In the third exercise there is the focus of incorporating UI and UX design, alongside user-friendly interfaces within Adobe XD. It is commonly known that good UI and UX is a major selling point of how successful web and app design is. By making an engaging and memorable experience, not only do you keep the consumer interested and engaged, it creates a stronger memory which is inherently linked within the product or service the designer is working for. In XD a major functionality of that comes through the use of components in the design software; a component is best thought of as a mechanism of engagement that can be interacted with by a user to some degree that offers a tactile response and oftentimes navigation within the website or app. Appearing commonly as buttons or toggle switches these components are important and Adobe XD allows custom and detailed customisation and editing of these to suit the user. Creating a component is as simple as selecting the relevant icons or shapes that have been made and clicking a button to give it the ability to be edited with different states and visuals. With the library and asset function, a designer is able to create a series of components that are able to be stored and placed into the document as and when needed, to further into this customisation once a new component has been made, it will become what is know as a “main” component (formerly known as master) this is the source where all new iterations of this component will draw from, which allows for new instances to be edited to the relevant state they need to be in without affecting all of them across the document, and vice versa it allows the user free access to edit the main and affect all instance versions of the component. The functionality and accessibility is only enhanced with the ability to replace components similarly to how the images were replaced in the earlier tutorial. Adobe XD does an objectively good job at keeping its technical methods similar in practice for the user.

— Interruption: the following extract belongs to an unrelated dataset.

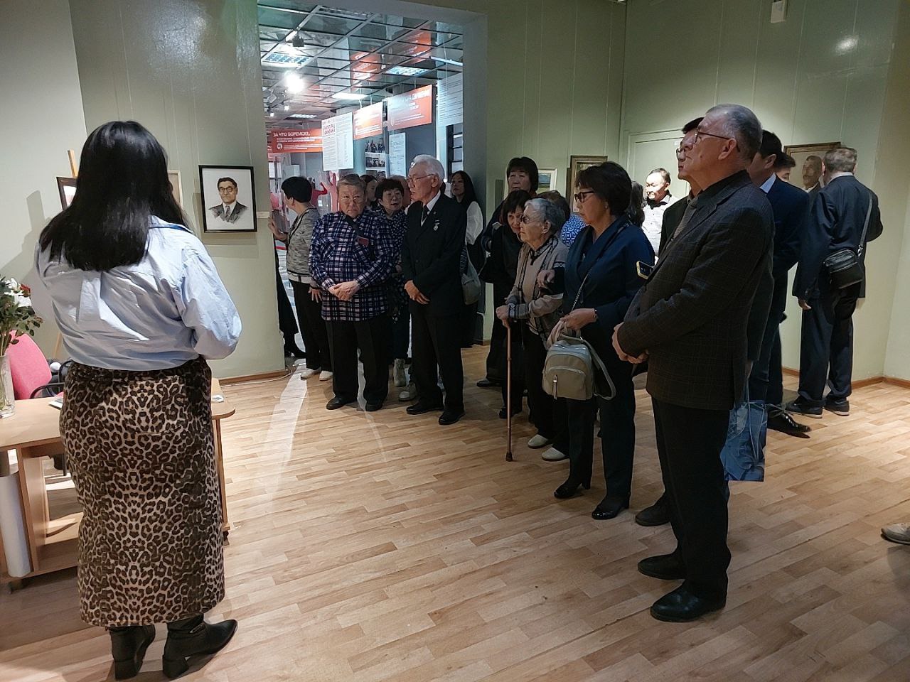 После официальной части гости переместились в экспозиционный зал, где представлены ранние полотна, жанровые сцены, пейзажи Байкала и портреты, исполненные с глубокой человечностью и вниманием к характеру. Экскурсию по выставке провела заместитель директора по научной работе и выставочной деятельности Национального музея Базарова Татьяна.

he tutorial used started by creating a component to apply it across different artboards and showed the simplicity of adjusting them for different aspects, in this it explained the use of XD and its responsive design ability, which allows the user to control individually how aspects of a component will perform upon reshaping and resizing, which will allow a much more streamline and user friendly experience to people who have to view the content on different types of devices. A follow on step after discovering the capabilities of components and how easy it can make editing and changing different parts is what is referred to as nesting components, which is effectively a component grouped within another component. Within the tutorial that was followed for this exercise, the objective was to change the icons of the nested components to represent different actions, in this the colour was also changed as a way to continue to show the different customisation that is available at the designers fingertips. This can be helpful to offer more detail within the interactivity, used in combination with states; there are multiple states which will affect the functionality of how the component works. Default, hover, and toggle, Although the tutorial did not touch on the toggle state much, personal experience knows it as a way to create switches in design, an example of that could be used for a light and dark mode button as an accessibility feature. In the tutorial there was exploration of the hover state and how its interactivity can be used as an effective call to action for buttons.